Benedict’s Lepanto
October is upon us, a whole month dedicated to the rosary. Soon we will be celebrating Our Lady of the Rosary, which is the new name given to the feast previously called Our Lady of Victory.
It may seem incongruous, harking back to Our Lady of Victory as Pope Benedict XVI takes remarkable steps to show his respect for Islam and rebuild bridges with Muslims. After all, the feast of Our Lady of the Rosary is celebrated on Oct. 7 – the anniversary of the Battle of Lepanto.
But there are clear parallels to our day – parallels that we should take to heart.
As Ottoman invaders threatened to round the Gulf of Corinth into the western Mediterranean and threaten Europe, Pope Pius V (1504-1572) called for two kinds of action. One was a military defense, but just as important was his call for Christians to reform themselves. On the day of the decisive Battle of Lepanto, the holy father led a rosary procession in Rome, and called for all Christendom to pray.
It worked – the would-be invaders turned back in defeat.
Today, a new pope is calling for two a two pronged action of his own. Just like Pius V, he wants us to pray – and he wants us to join a battle every bit as difficult as the one Pius V called the church to in his day. Only for Pope Benedict, love and reason are the weapons of choice.
Not that Pius V was much different.
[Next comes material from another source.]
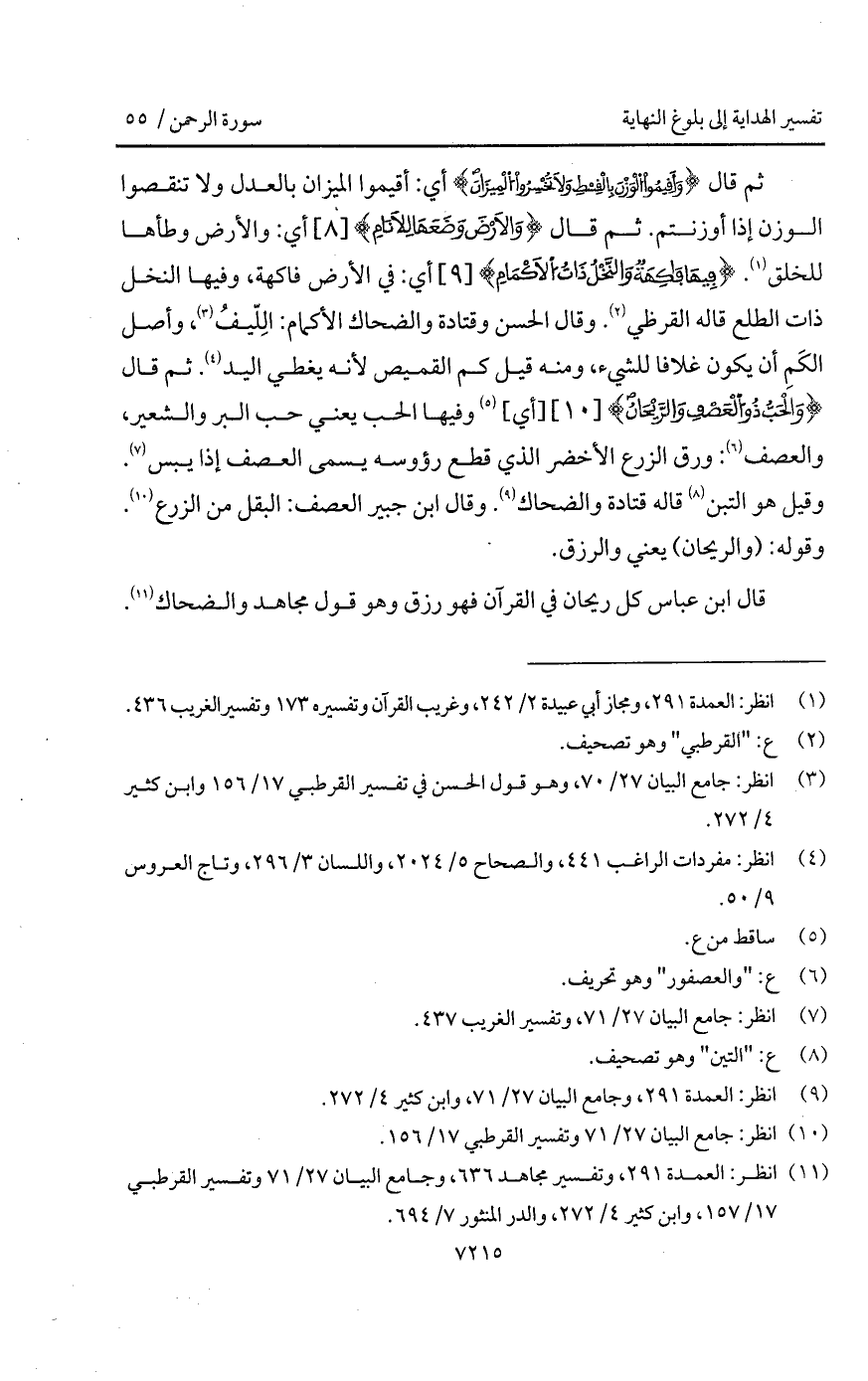 ثم قال {وَأَقِيمُواْ الوزن بالقسط وَلاَ تُخْسِرُواْ الميزان} أي: أقيموا الميزان بالعدل ولا تنقصوا الوزن إذا أوزنتم. ثم قال {والأرض وَضَعَهَا لِلأَنَامِ} أي: والأرض وطأها للخلق. {فِيهَا فَاكِهَةٌ والنخل ذَاتُ الأكمام} أي: في الأرض فاكهة، وفيها النخل ذات الطلع قاله القرظي. وقال الحسن وقتادة والضحاك الأكمام: الِلّيفُ، وأصل الكَمِ أن يكون غلافا للشيء، ومنه قيل كم القميص لأنه يغطي اليد. ثم قال {والحب ذُو العصف والريحان} [أي] وفيها الحب يعني حب البر والشعير، والعصف. ورق الزرع الأخضر الذي قطع رؤوسه يسمى العصف إذا يبس. وقيل هو التبن قاله قتادة والضحاك. وقال ابن جبير العصف: البقل من الزرع. وقوله: (والريحان) يعني والرزق.

It’s as unfair to sum up his pontificate with the Battle of Lepanto as it is to sum up Benedict with his words quoting a 14th-century emperor on Mohammed at his Sept. 12 University of Regensburg speech.
Pope Pius V began his priesthood as a professor, and began his work in the Vatican in the office later to be occupied by Pope Benedict. His pontificate targeted sex scandals among the clergy, decried Protestantism – the relativism of his day – and demanded that the Council of Trent be strictly adhered to, not just a “spirit of Trent.”
Pope Benedict’s pontificate is also more focused on the Christianity of Europe than it is on any threat to the West or any other religion. On Sept. 8, speaking to Canadian bishops, the holy father spelled out his mission, echoing words that he has used throughout his pontificate.
The holy father identified the fundamental problem of our day as “the split between the gospel and culture, with the exclusion of God from the public sphere.” The church’s mission is to repair the split, he said, by helping people “recognize and experience the love of Christ.”
It’s of a piece with what we have heard from him before. He is critical of “the dictatorship of relativism” and sees the only answer in “friendship with Jesus.”
In September, Pope Benedict spent far more time promoting this vision than he did speaking about Islam.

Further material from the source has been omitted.